## WORK INSTRUCTIONS
I'd like the entries that follow repeated exactly, with the pictures left out.

[INFORMATION SHOWN — start]

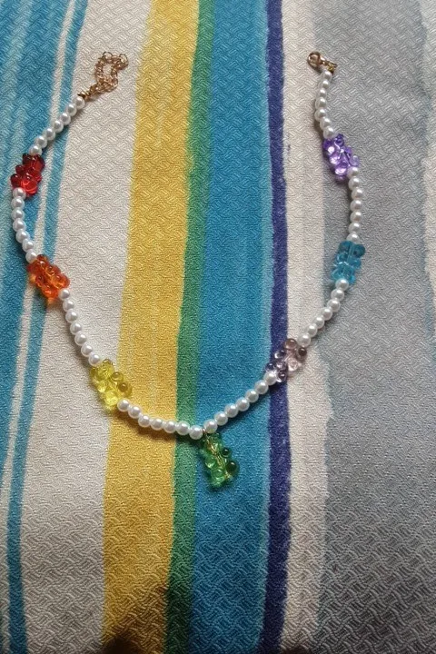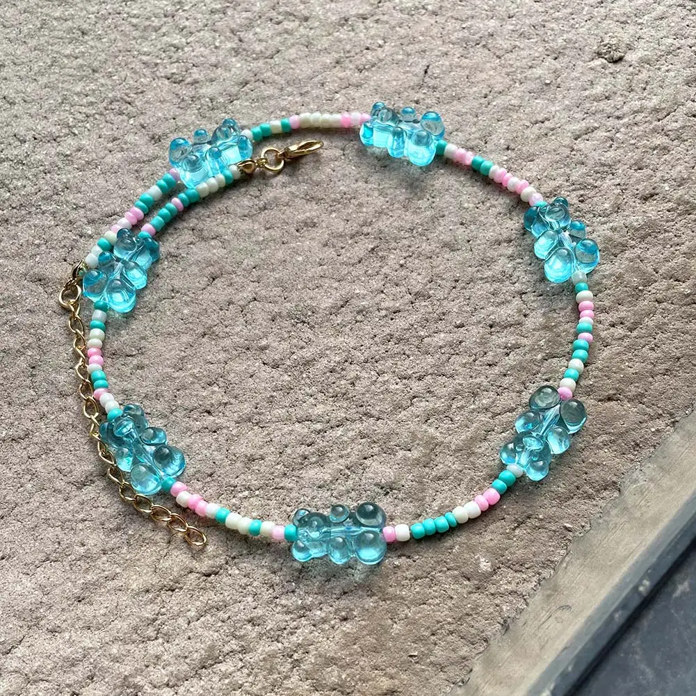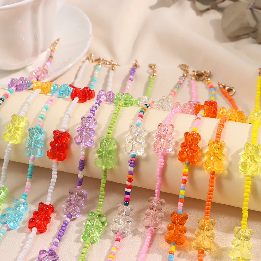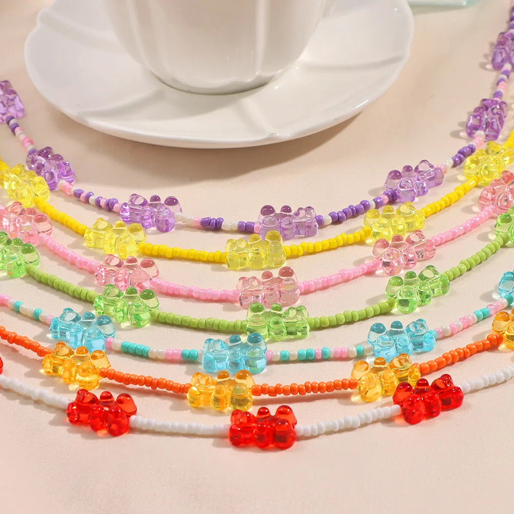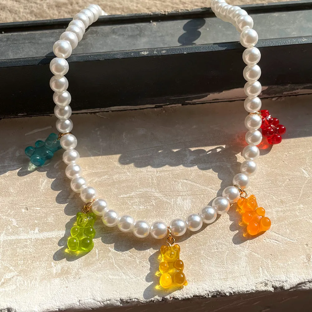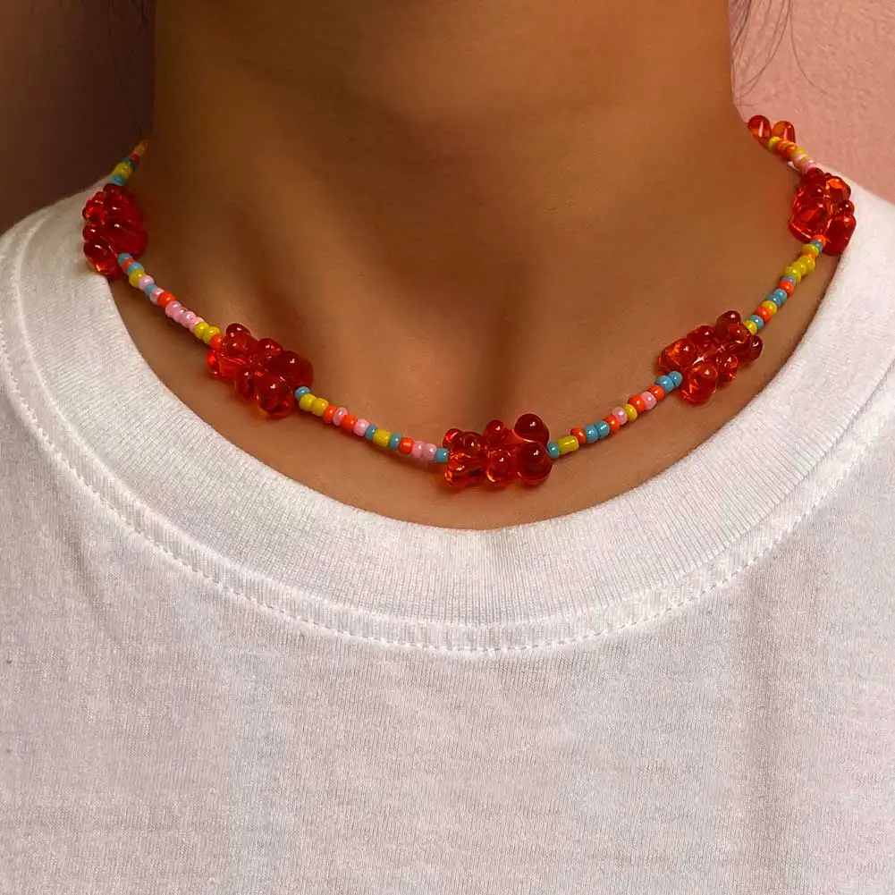 Ожерелье-чокер Y2k женское с жемчужными бусинами, цветной кулон в виде мишки-желе с бисером ручной работы, корейская бижутерия
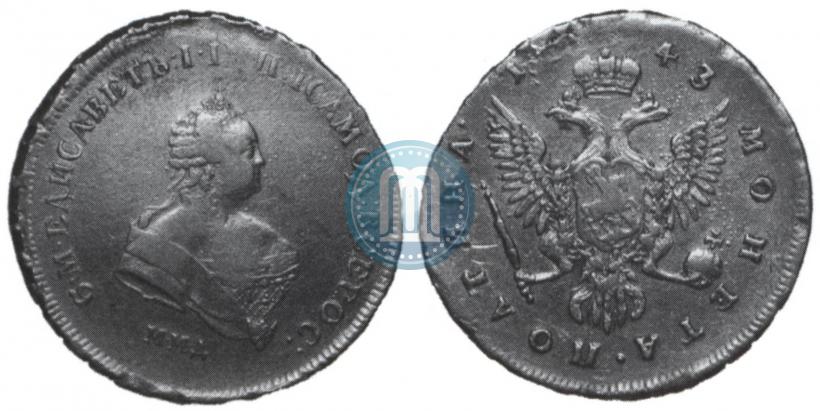 Poltina 1743 year ММД . Silver. Edge inscription. Bitkin # 142 (R), Petrov - 4 rub., Conros # 105/2
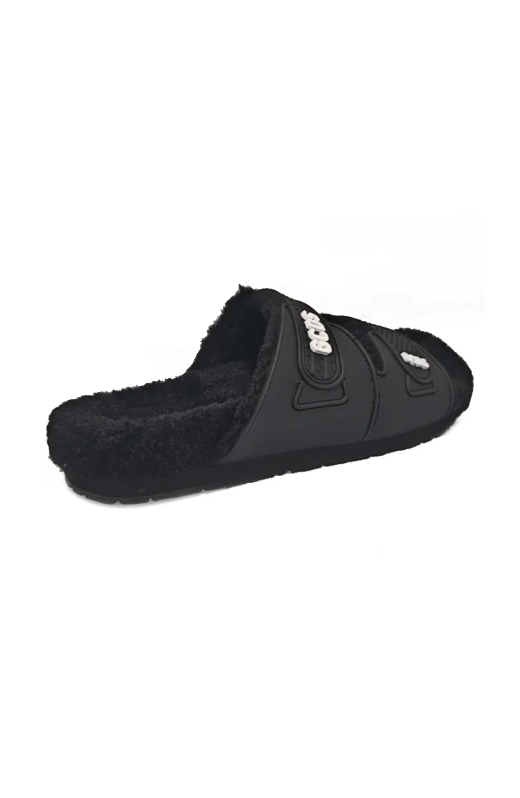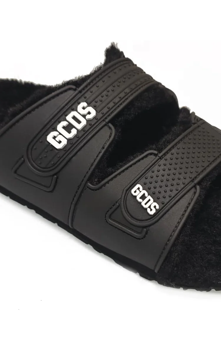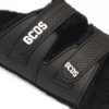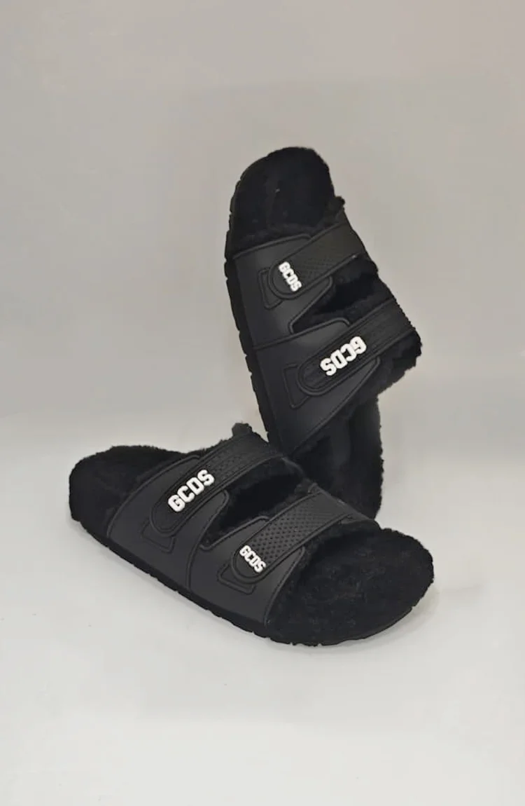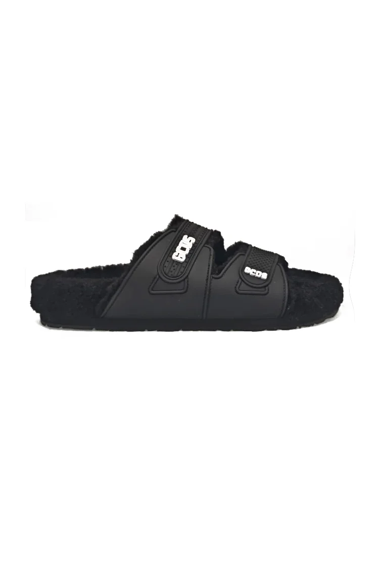 כפכפי פרווה בעיצוב בית האופנה GCDS. כפכפים שיקיות בעלות בטנת פרווה סינטטית נוחה ונעימה. הכפכפים מציגות את העיצוב הקלאסי של GCDS הכולל זוג רצועות עם לוגו המותג וכרית עקב ממותגת לנוחות מרבית, כפכפי פרווה חורפיות.
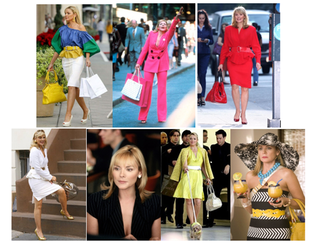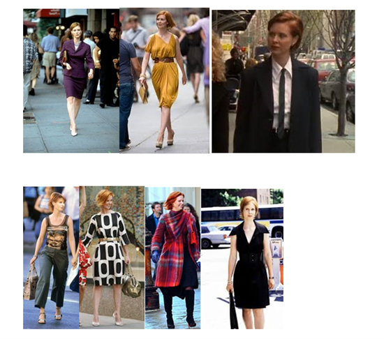Miranda’s style evolved massively during the show. She went from a corporate androgynous style to wearing a colourful array of structured dresses, showing off a more feminine side. One thing you would always find in all her outfits were bold accessories such as statement earrings, belts and fun handbags creating some standout looks.
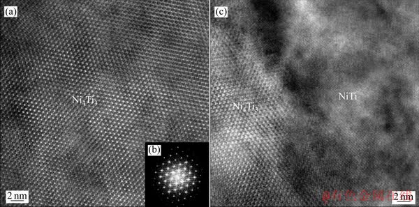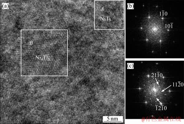 )方向观察的高分辨电子显微像。图6(b)是区域A的快速傅里叶变换(FFT)图,为B2有序结构的NiTi基体。图6(c)是区域B的快速傅里叶变换(FFT)图,为Ni4Ti3析出相。在图6(a)中,从高分辨晶格像难以确定析出相与基体间界面,未见界面处明显的应力衬度。
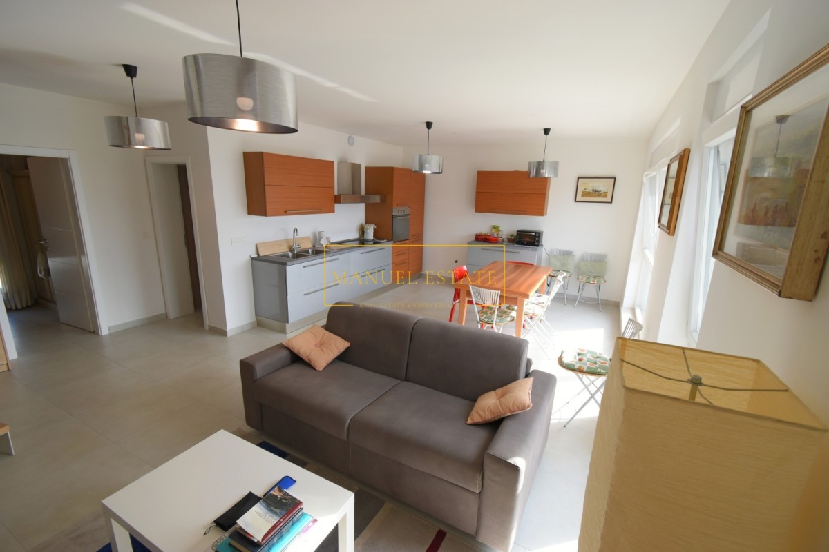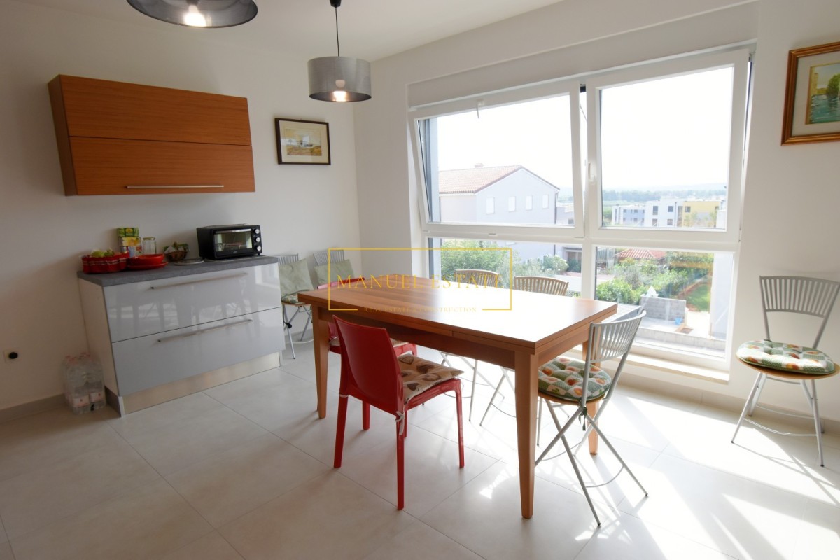 Dvosoban stan na drugom katu s krovnom terasom i pogledom na more. Nalazi se u blizini centra grada, mora i plaža, u Novigradu. Ukupne stambene površine od 90 m2, prostire se na dvije etaže; na prvoj etaži nalazi se ulazni predprostor, hodnik, kupaonica, dvije spavaće sobe, te open-space dnevni prostor - kuhinja + blagovaonica + dnevni boravak. Unutarnjim spitralnim stepenicama dolazi se na drugu etažu gdje se nalazi još jedna spavaća soba s izlazom na krovnu terasu (15 m2) s pogledom na more. Svaka soba je klimatizirana. Stanu također pripada spremište i jedno parkirno mjesto. Stambeni objekt izgrađen je 2019. godine, nalazi se na mirnoj lokaciji, u neposrednoj blizini svih potrebnih sadržaja za što lagodniji svakodnevni život. Savršen kao novi dom ili kao dobra investicija i mogućnost iznajmljivanja. Cijena: 300.000 eura. Za sve ostale informacije slobodno nas kontaktirajte.
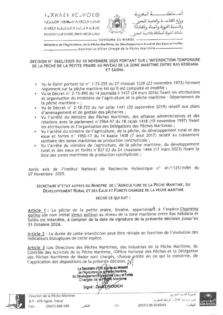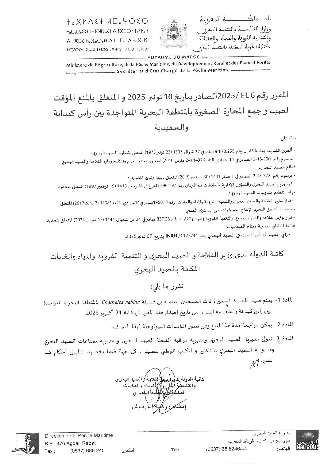 المقرر المتعلق بالمنع المؤقت لصيد وجمع المحارة الصغيرة بالمنطقة البحرية المتواجدة بين رأس كبدانة والسعيدية الجمعة 19 ديسمبر 2025 Share this… Whatsapp Gmail Facebook Twitter Linkedin

[INFORMATION SHOWN — finish]

## ANSWER TO THE EXERCISE
 Ожерелье-чокер Y2k женское с жемчужными бусинами, цветной кулон в виде мишки-желе с бисером ручной работы, корейская бижутерия
 Poltina 1743 year ММД . Silver. Edge inscription. Bitkin # 142 (R), Petrov - 4 rub., Conros # 105/2
 כפכפי פרווה בעיצוב בית האופנה GCDS. כפכפים שיקיות בעלות בטנת פרווה סינטטית נוחה ונעימה. הכפכפים מציגות את העיצוב הקלאסי של GCDS הכולל זוג רצועות עם לוגו המותג וכרית עקב ממותגת לנוחות מרבית, כפכפי פרווה חורפיות.
Miranda’s style evolved massively during the show. She went from a corporate androgynous style to wearing a colourful array of structured dresses, showing off a more feminine side. One thing you would always find in all her outfits were bold accessories such as statement earrings, belts and fun handbags creating some standout looks.
 )方向观察的高分辨电子显微像。图6(b)是区域A的快速傅里叶变换(FFT)图,为B2有序结构的NiTi基体。图6(c)是区域B的快速傅里叶变换(FFT)图,为Ni4Ti3析出相。在图6(a)中,从高分辨晶格像难以确定析出相与基体间界面,未见界面处明显的应力衬度。
 Dvosoban stan na drugom katu s krovnom terasom i pogledom na more. Nalazi se u blizini centra grada, mora i plaža, u Novigradu. Ukupne stambene površine od 90 m2, prostire se na dvije etaže; na prvoj etaži nalazi se ulazni predprostor, hodnik, kupaonica, dvije spavaće sobe, te open-space dnevni prostor - kuhinja + blagovaonica + dnevni boravak. Unutarnjim spitralnim stepenicama dolazi se na drugu etažu gdje se nalazi još jedna spavaća soba s izlazom na krovnu terasu (15 m2) s pogledom na more. Svaka soba je klimatizirana. Stanu također pripada spremište i jedno parkirno mjesto. Stambeni objekt izgrađen je 2019. godine, nalazi se na mirnoj lokaciji, u neposrednoj blizini svih potrebnih sadržaja za što lagodniji svakodnevni život. Savršen kao novi dom ili kao dobra investicija i mogućnost iznajmljivanja. Cijena: 300.000 eura. Za sve ostale informacije slobodno nas kontaktirajte.
 المقرر المتعلق بالمنع المؤقت لصيد وجمع المحارة الصغيرة بالمنطقة البحرية المتواجدة بين رأس كبدانة والسعيدية الجمعة 19 ديسمبر 2025 Share this… Whatsapp Gmail Facebook Twitter Linkedin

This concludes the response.